Problem: Without including any picture, repeat the records below exactly.

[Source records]
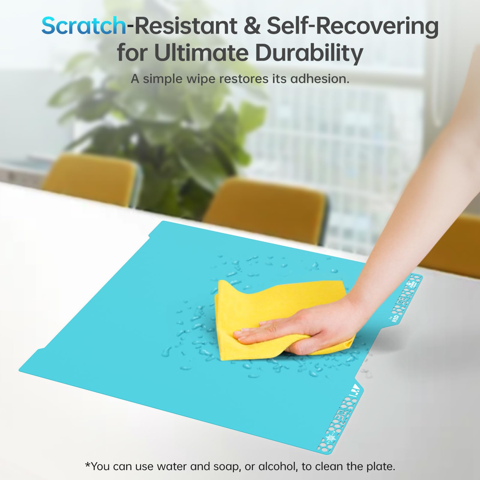 Sie gewährleistet eine herausragende Haftung der ersten Schicht durch eine stark magnetische Unterseite und eine spezielle Kobaltoxid-Beschichtung. Dies reduziert Warping (das Verziehen von Kanten) auf ein Minimum und erhöht die Erfolgsquote Ihrer Drucke signifikant. Zusätzlich verleiht die feine Oberflächentextur der Unterseite Ihrer Modelle ein glattes und sauberes Finish.
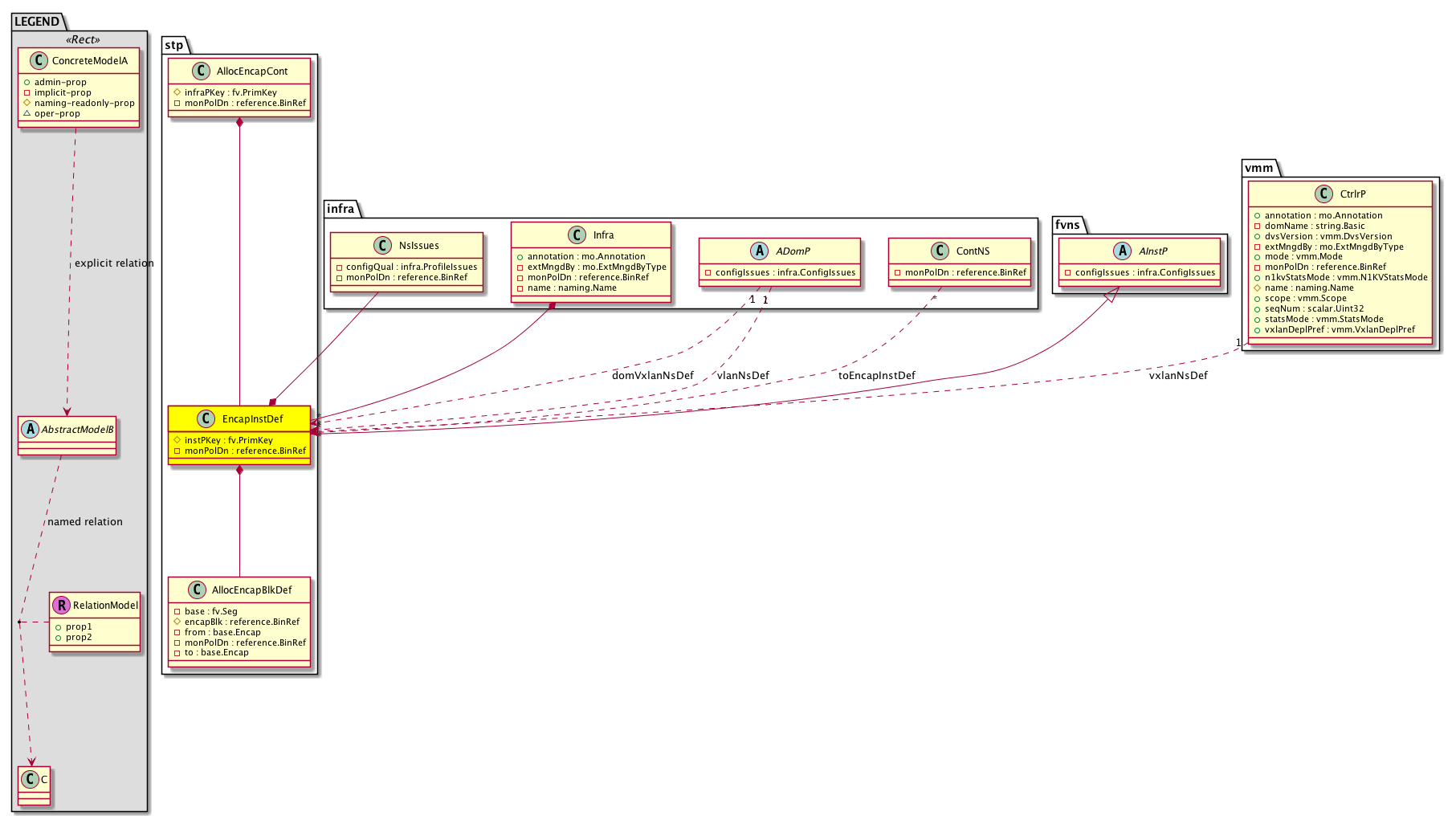 fvns:RtVxlanNsDef A target relation to the namespace policy is used for managing the Encap (VXLAN, NVGRE, VLAN) ranges. |
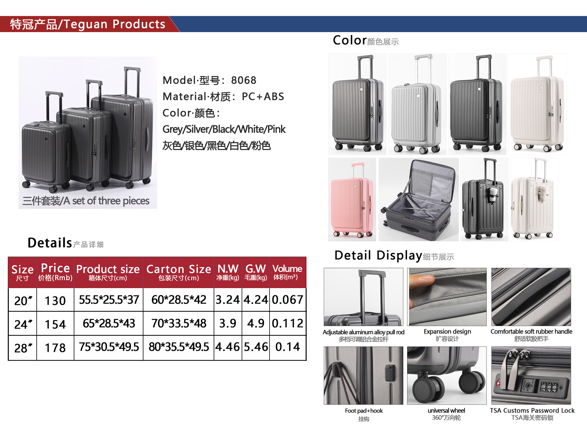 3 piece luggage set 20 inch,24 inch,28 inch upright, can be stored one into another.100% ABS, Lightweight yet extremely durable abs material.
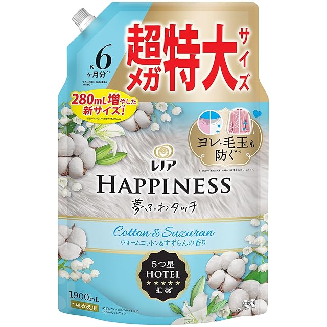 商品名:レノア ハピネス 夢ふわタッチ 柔軟剤 ウォームコットン&すずらんの香り 詰め替え 1900mL
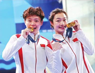 7月27日,在巴黎奥运会跳水女子双人3米板决赛中,中国选手昌雅妮(右)/陈艺文夺得金牌。

Solved problem:
 Sie gewährleistet eine herausragende Haftung der ersten Schicht durch eine stark magnetische Unterseite und eine spezielle Kobaltoxid-Beschichtung. Dies reduziert Warping (das Verziehen von Kanten) auf ein Minimum und erhöht die Erfolgsquote Ihrer Drucke signifikant. Zusätzlich verleiht die feine Oberflächentextur der Unterseite Ihrer Modelle ein glattes und sauberes Finish.
 fvns:RtVxlanNsDef A target relation to the namespace policy is used for managing the Encap (VXLAN, NVGRE, VLAN) ranges. |
 3 piece luggage set 20 inch,24 inch,28 inch upright, can be stored one into another.100% ABS, Lightweight yet extremely durable abs material.
 商品名:レノア ハピネス 夢ふわタッチ 柔軟剤 ウォームコットン&すずらんの香り 詰め替え 1900mL
 7月27日,在巴黎奥运会跳水女子双人3米板决赛中,中国选手昌雅妮(右)/陈艺文夺得金牌。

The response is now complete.